Through his work at Sir Charles Gairdner Hospital, Hollywood Private Hospital and Linear Clinical Research, he was perfectly positioned to address the imbalance. In 2016, he started the charity, Blood Cancer Research WA, which increased exponentially WA blood cancer patients’ access to various clinical trials.

“There was a shortfall in clinical trial offering for haematology patients in WA. Compared with Melbourne and Houston, patients in WA were significantly disadvantaged and a lot of patients were at the point where they had run out of standard options,” he said.
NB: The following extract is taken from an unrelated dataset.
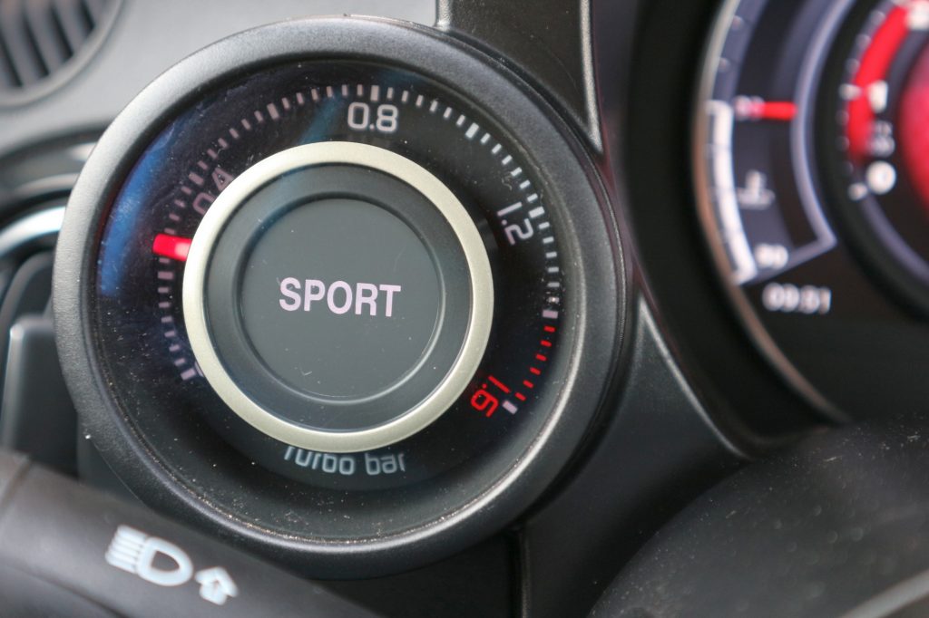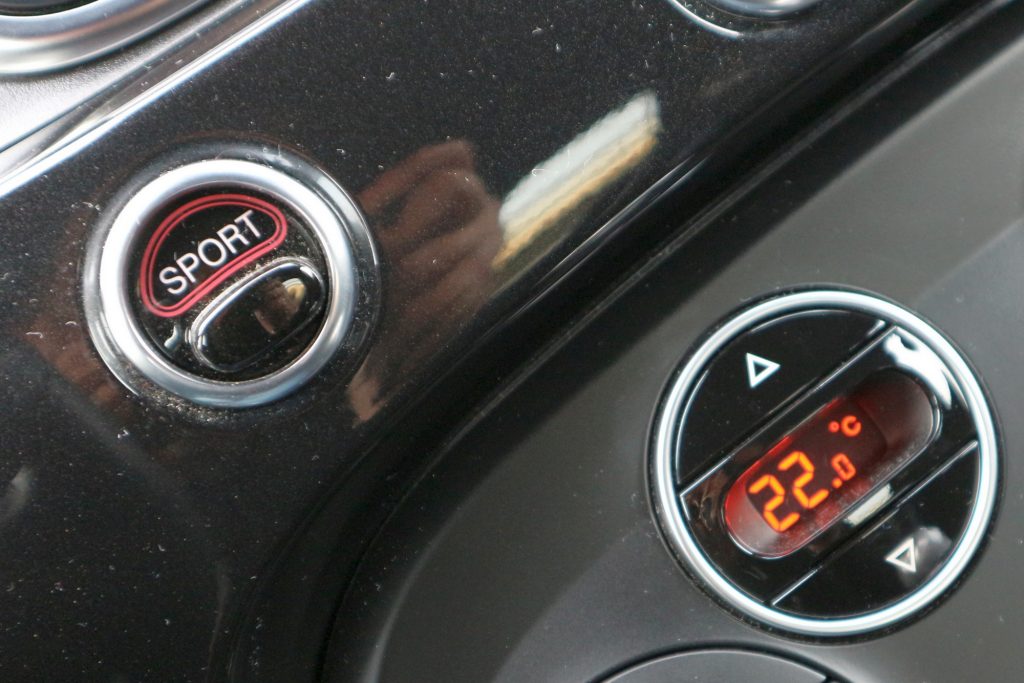 Van egy Sport gomb is a műszerfalon. Ez igazából három dolgot csinál: vörösre váltja a virtuális műszeregység képét és megjeleníti a vízhőfokot is a fordulatszám mellett; felkeményíti a kormányzást és sokkal érzékenyebbre állítja a gázpedált.

“They were having to make a big decision – either relocate to the Eastern States for a clinical trial or receive palliative care. So, it was clear that we needed to bridge that gap by opening more trials to offer access to novel agents.

“We’ve been fortunate in the past 5-7 years, in particular, to have seen an explosion in highly effective treatments for patients with blood cancers, and the field is moving very quickly. However, the shortest possible time between a drug entering phase one trials and marketing (which almost always happens in the US first) is about 4-5 years. And in Australia, the delay until commercial availability is even longer.

“So, I identified pretty rapidly that the major barrier towards opening more studies and having more access to new drugs available for people was resourcing.”

However, there is some truth to the old adage, build it and they will come.

Patient demand wasn’t ever going to be an issue, but Professor Cheah did identify that having clinicians willing to step into the meticulous and time-consuming research realm was.

“There was a bottleneck for specialist time, especially in early phase trials where there’s a lot of safety protocols and assessments built in. It’s a huge amount of extra work for specialists to treat patients on study, and most people are already at maximum capacity just with their standard job,” he said.

“Not everyone has the desire to be a clinical trial investigator on top of everything else that they do. So, we established at Blood Cancer Research WA a paid pathway for fellows who are early in their career and have an interest in doing extra training as clinical researchers, and that has taken a lot of administrative burden away from specialists.

“Our charity supports the employment of five fellows and two nurse practitioners, through a combination of philanthropic money and partner institutions. The fellow’s role is to look after the patients, and they have had an enormous multiplier effect in terms of the ability to get people on study.

“It has allowed us to open complicated, labour-intensive studies and give doctors whose patients may have relapsed with whatever kind of lymphoma, an easy pathway to refer them for new treatment.”

This recruitment model has seen Blood Cancer Research WA increase its trial offerings over the past five years. 

“Where four years ago, we had about seven or eight trials going and enrolling 30 to 40 patients a year, those figures have grown to about a rolling average of 30 to 35 studies a year enrolling more than 120 patients,” Professor Cheah said.

“A lot of those patients are still on study even two, three, four years later. The cumulative figure of close to 1000 patients that have been treated on study is because many of the drugs are so effective, the patients remain on study in remission. They are usually well and getting on with their lives. And that’s a great thing to see.”

In the few short years of its life, Blood Cancer Research WA has fulfilled a much-needed gap in offering patients not only treatment but hope, when hope was fading.

“I’ve received amazing support along the way. Philanthropists here have been incredibly generous and my colleagues around the State have been hugely collaborative by referring patients,” he said.

“Many of the successes we’ve had have largely been driven by referrals from people outside our own catchment. I think this speaks to the fact that my colleagues around the state know that we provide their patients a good service.

“Research organisations like ours depend on that collaboration – without that, we wouldn’t have been as successful because, like anything in life, the benefits come from scaling.”